4.3.3. Peptides and More Complex Biomolecules

It is well known that peptides, proteins and DNA can suffer conformational changes when exposed to heat or changes in pH, thereby going from a more packaged structure to a lesser one. This behavior can be used in the design of on/off pH-responsive gates, as these phase transitions are known to be reversible. These structures can be used in the design of nanocarriers for oral drug delivery where resistance to acid pH is needed. DNA capable of suffering a phase transition from quadruplex to single strand when the pH increases from acid to neutral pH has been reported [202], as well as lysozyme proteins that can block the pore when the pH drops and allow the drug release when recovering neutral pH [203]. However, the design of biomolecule-based nanocarriers that allow the release when the pH changes to acidic values is more common.
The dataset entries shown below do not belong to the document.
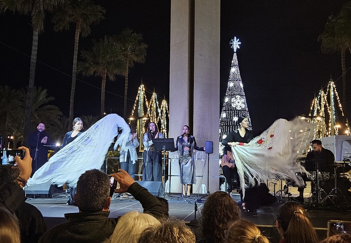 Después del gran éxito de la pasada Navidad, la Plaza de las Velas vuelve a contar este año con un escenario por el que, a lo largo de estos días, se interpretarán villancicos en distintos formatos, desde los clásicos, a los tradicionales o a los flamencos. Sin ir más lejos, este fin de semana recibió a la Asociación Vocla y la Escuela Coral Vocla Román Barceló en la tarde del viernes y al grupo de la compañía flamenca de Antonio de Quero en la del sábado. Siemrpe con entrada libre y en el marco de la programación especial de Navidad y Reyes puesta en marcha y organizada por el Área de Cultura, Educación y Fiestas Mayores del Ayuntamiento de Almería.
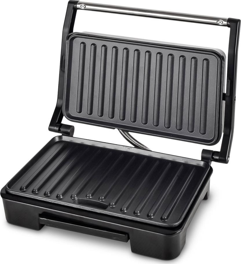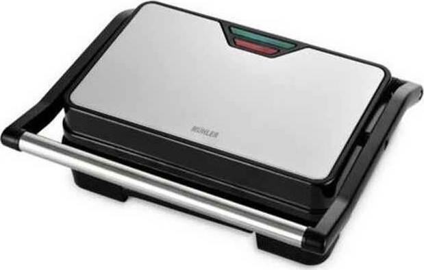 - Τοστιέρα/γκριλιέρα, της εταιρείας Muhler, με ισχύ 850 Watt. Οι πλάκες της είναι με ραβδώσεις, οι οποίες δε συγκρατούν πολλά υγρά όπως λάδια και λίπη, και έτσι το ψήσιμο γίνεται πιο υγιεινό.
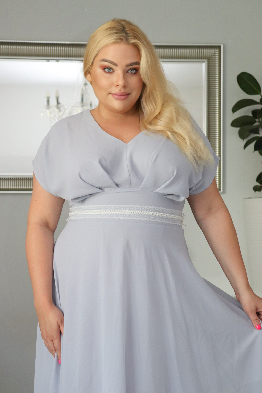- Sukienka została zaprojektowana, by pięknie tuszować wystający brzuszek, dzięki luźnemu krojowi poniżej odcięcia pod biustem.
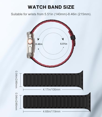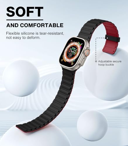 Magnetic Watchband Compatible with Apple Watch Ultra/Ultra2 49mm/Series 9/8/7/6/5/4/3/2/1/SE 42/44/45mm,Soft Silicone Strap Strong Magnet Link Solo Loop Adjustable Replacement Wristband, Black/Red
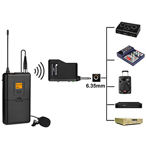 EASILY CONNECT TO COMMON AUDIO EQUIPMENTS. Work with speakers, mixers, electric guitar amplifiers and sound boards that with 1/4'' interface to output the sound. Clear and strong vocals, perfect for stages, churches, meetings, presenters and lecturers.

DNA can be used as a reversible linker between small gold nanoparticles and MSNs [204]. Adenine DNA has been used as a capping agent taking advantage of the instability of the non-Watson–Crick secondary structures when the pH drops [205]. Double DNA strands formed by the interaction of thymine bases with Hg2+ ions that suffer the phase transition to single strand when the pH drops have also been reported [206], as well as small peptides that suffer the β-sheet-to-random coil transition [207].

5. Conclusions

The state-of-the-art of pH-responsive drug delivery using mesoporous nanoparticles has been deeply revised. These stimuli-responsive nanocarriers are based on the small variations in pH between healthy and diseased areas along the body. Those variations are used to trigger the release of the cargo through different mechanisms. We have considered three different approximations of pH-responsive nanocarriers. The host-guest interactions have been shown to be useful to retain the drugs at physiological pH. However, it would be desirable to minimize the amount of drugs released outside the target area despite the electrostatic interactions. To achieve that effect, a number of gatekeepers have been developed to block the pores, either via acid-labile bonds or pH-responsive supramolecular structures (polymers, nanoparticles, etc.), thus leading to systems with proven efficacy in vitro and in vivo.
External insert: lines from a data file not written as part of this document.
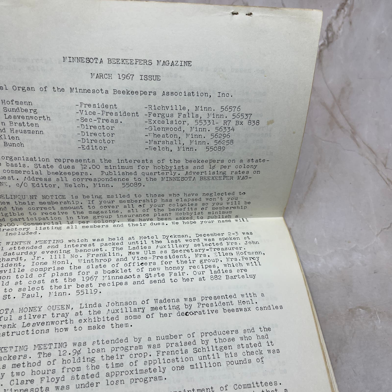 1967 Mar The Minnesota Beekeeper Magazine Red Wing MN Beekeepers Association TD5
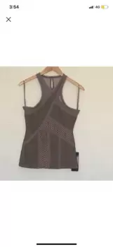 Top geométrico transparente. Es un top con tela transparente y tiene un forro color carne, es pegado al cuerpo y tiene spandex para marcar la figura, el color es entre café y verde olivo
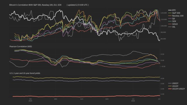 他アセットクラスとの2カ月ベースの相関を見ると、S&P500とは-0.09、ゴールドとは-0.25、原油とは-0.24となっており、いずれも強い相関関係にはない。地政学リスクが高まる局面において、ビットコインは伝統資産に連動するのではなく、独自の材料で価格形成が進んでいることが分かる。
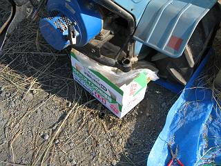 オイル排出中。初めて市販の廃油処理箱を買ってみた。排出口の上にある水抜きタンクが空なのはここもクリーニングしたため。
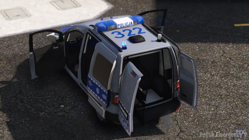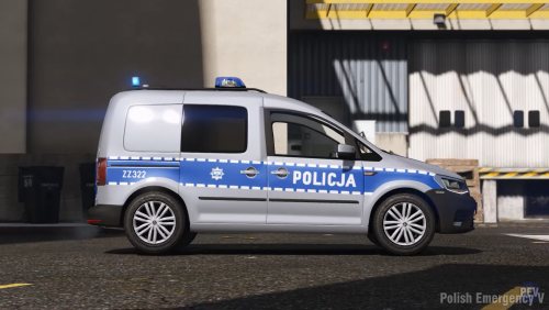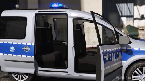 Radiowóz polskiej policji Volkswagen Caddy IV generacji. Modyfikacja zawiera 1 wersję oznakowaną.
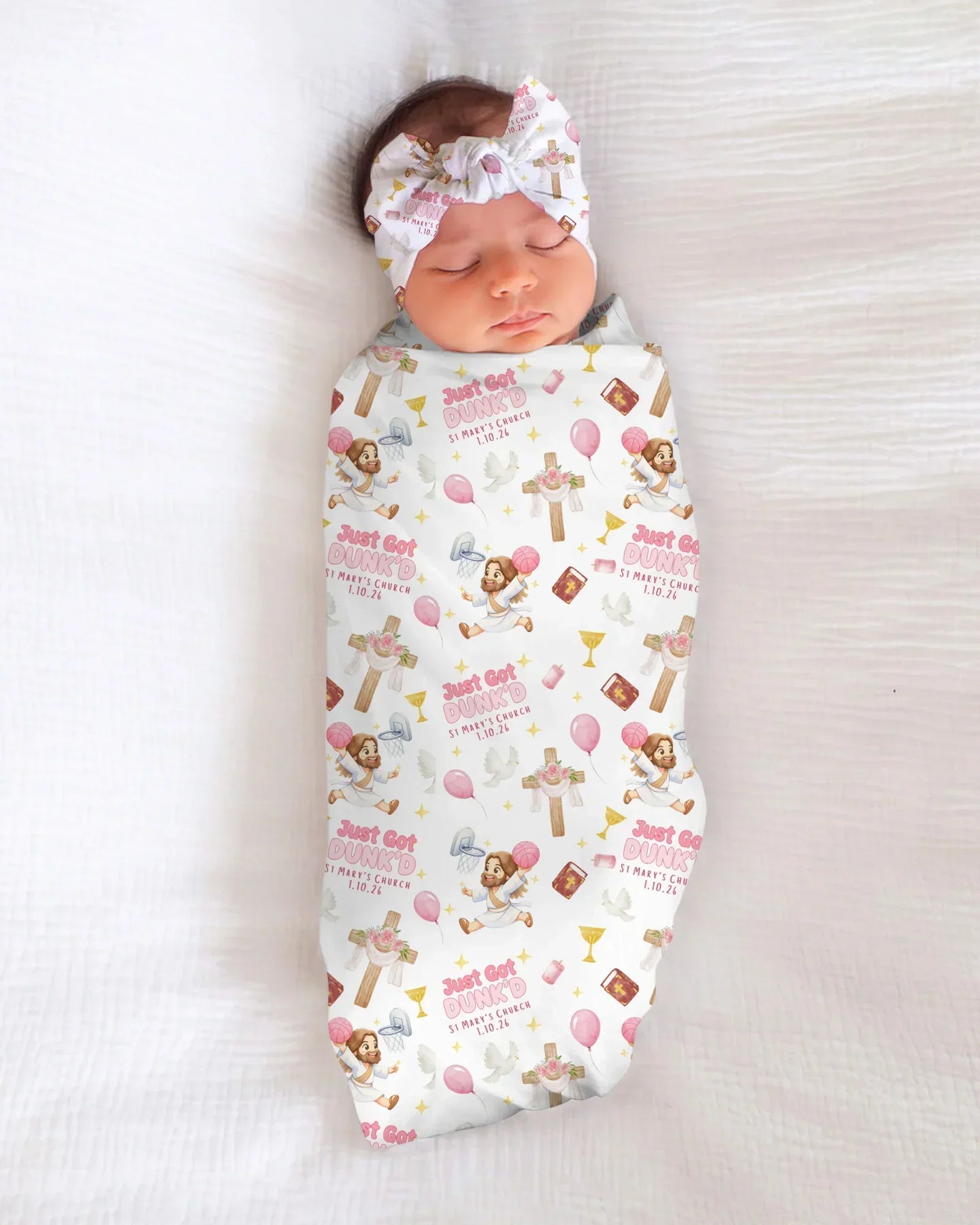 Custom Name Baptism Just Got Dunk'd swaddle blanket
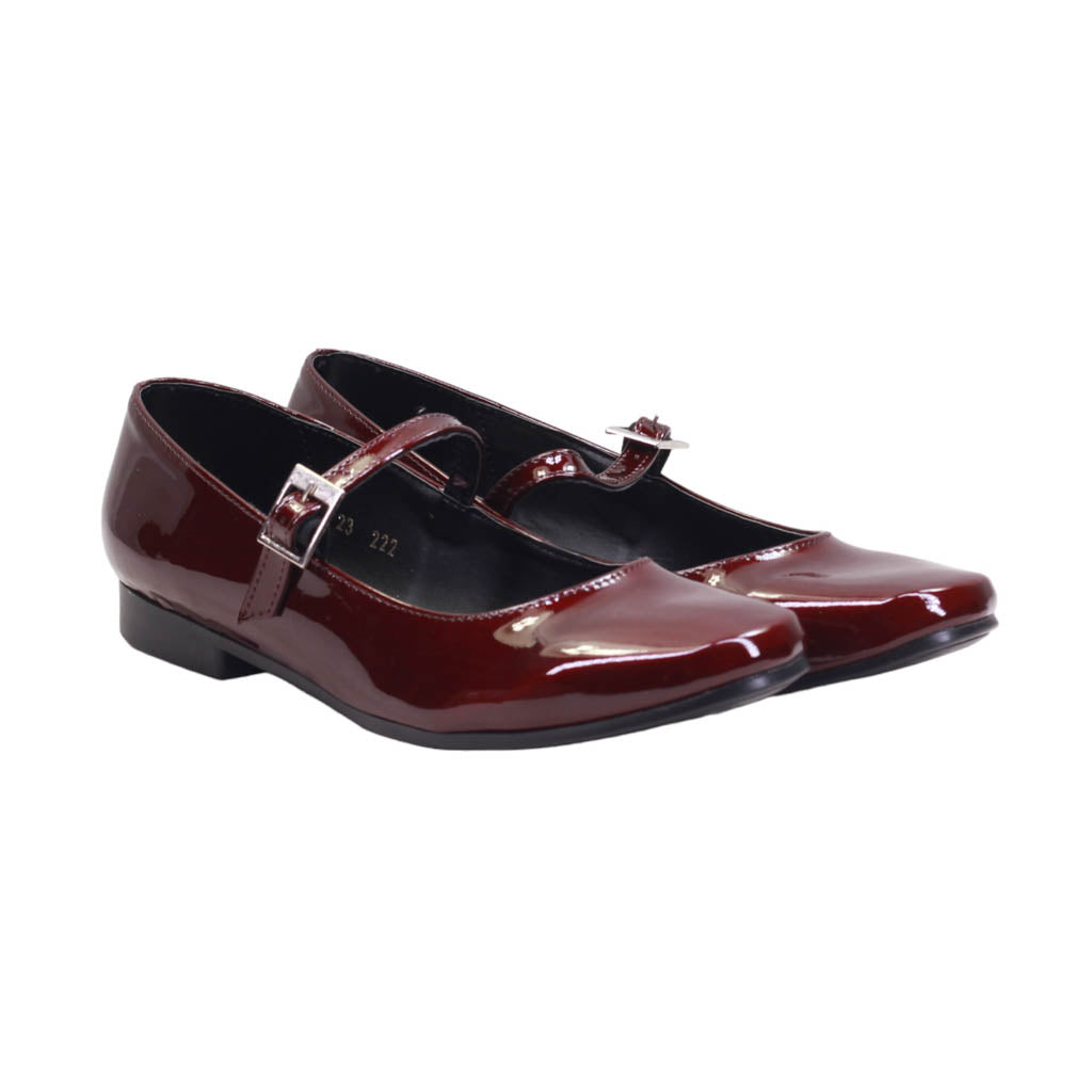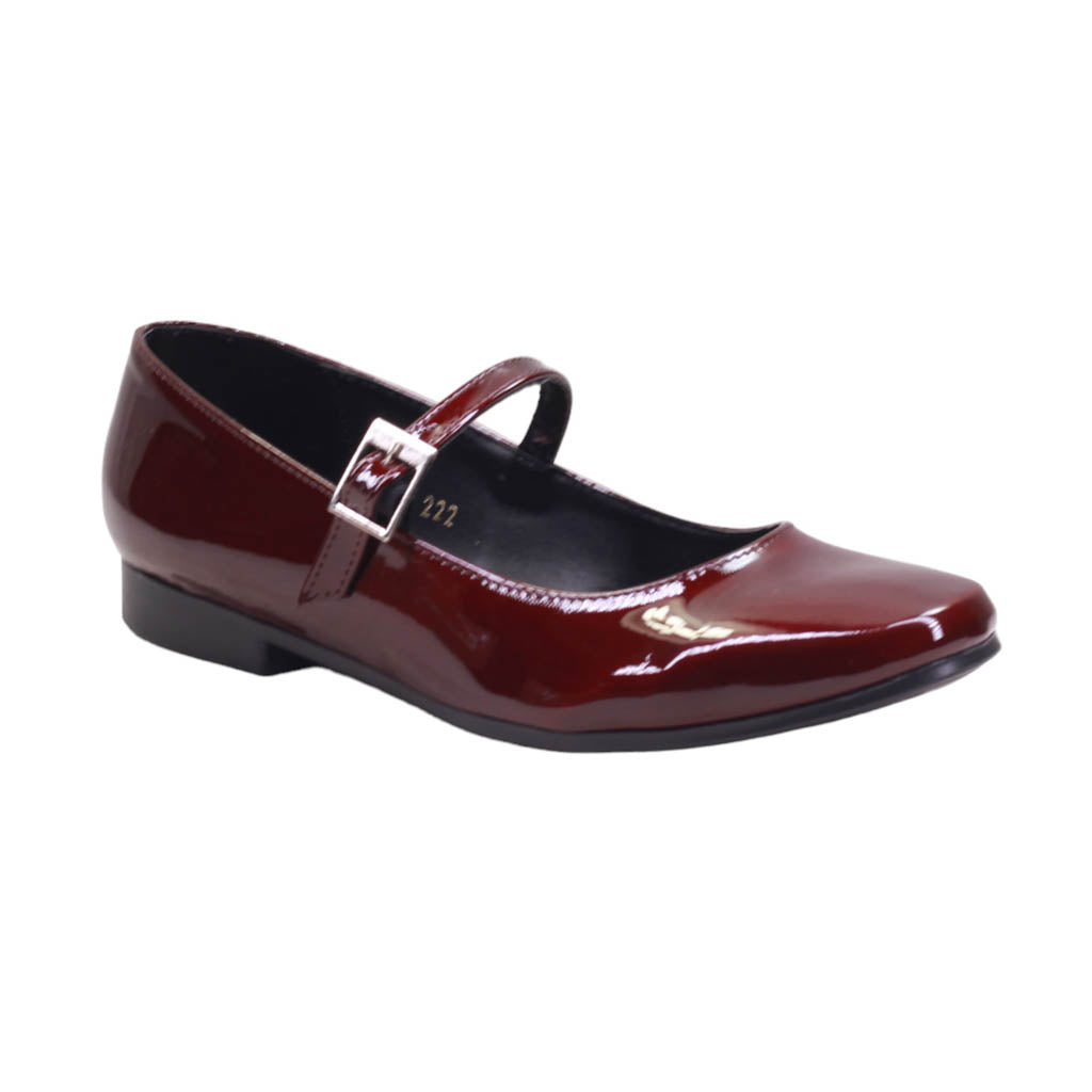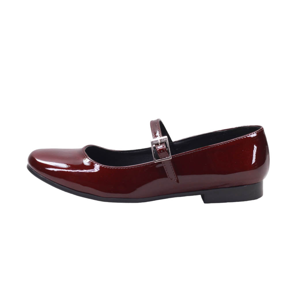 Balerina para dama marca Zócalo en colores Merlot y negro, Diseño moderno y cómodo, cuenta con acabado en charol y una suela ligera, este modelo te permite la comodidad que necesitas en un calzado.

Regarding the design of the mesoporous nanocarriers, the future work should be directed toward: (1) scaling up the synthesis of those smart nanocarriers while minimizing the expenses; (2) obtaining a complete characterization of the nanocarriers from both the physico-chemical and toxicological point of view; (3) carrying out accurate studies of the biodistribution in humans; and (4) determining the real possibilities of nanoparticle-based therapies against diseases, such as cancer. Regarding the pH-responsive nanocarriers, it has been shown in this review that it is possible to design hybrid nanoparticles capable of triggering the release in very specific situations through the subtle changes in pH. However, it is still difficult for all of the nanocarriers injected to reach the diseased area. Then, future work should be directed toward synthesizing smart pH-responsive nanocarriers with enhanced targeting ability, capable of avoiding the different barriers present in the body and accumulating only in the diseased tissues to increase the efficacy of the therapy.